The Russians did not pursue them; their orders were to conserve ammo; only the snipers remained on the train cars to scan with their infrared scopes to keep guard against a counterattack. While they did this, the assaulters rushed to a locked gate to the northwest of the station, shot it open with a shotgun blast, and then entered a large storage parking lot. Here, twenty brand-new Volvo XC-90 SUVs sat waiting for delivery to car dealerships all over the Baltic on two Peterbilt car carriers. Russia’s FSB men working for a logistics company in Sweden had purposefully held up customs paperwork, keeping the vehicles stuck in port in Klaipėda until the day before yesterday, thereby timing their arrival by train here for delivery.

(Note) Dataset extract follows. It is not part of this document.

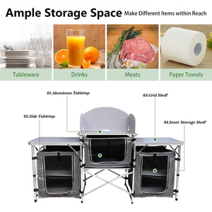 亚马逊爆款户外野营移动厨房铝合金折叠桌带布柜
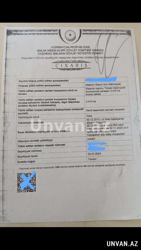 Elan nömrəsi: 639142 Turkan ges. 305 sot

The commander of the Alpha Group men had multiple sets of keys, and he passed them out to the drivers. The operators jammed themselves and their heavy equipment into the Volvos, using all three rows of seats and every cubic inch of cargo space to do so, then the twenty vehicles left the station, minus the dead and wounded they lost in the infiltration operation.

• • •

Lieutenant Colonel Rich Belanger got word about the successful infiltration of Russian Special Forces the way he normally learned about fast-moving intelligence in the field. Piecemeal and with as much conjecture and false reporting as genuine actionable intel. His Marines were all positioned to the east of Vilnius, they didn’t hear a word about the action at the train station until thirty minutes after the attack, and by that point the surviving Russian commandos were well clear of the station. No one knew where they had gone, but Lieutenant Colonel Rich Belanger realized that as troubling as enemy action behind him was, he needed to stay focused on his mission, the one thing he had some control over. The Belarusan border ten miles in front of him, and the 25,000 Russian troops positioned there.

The Lithuanians would just have to sort out the Russian deep-penetration mission on their own.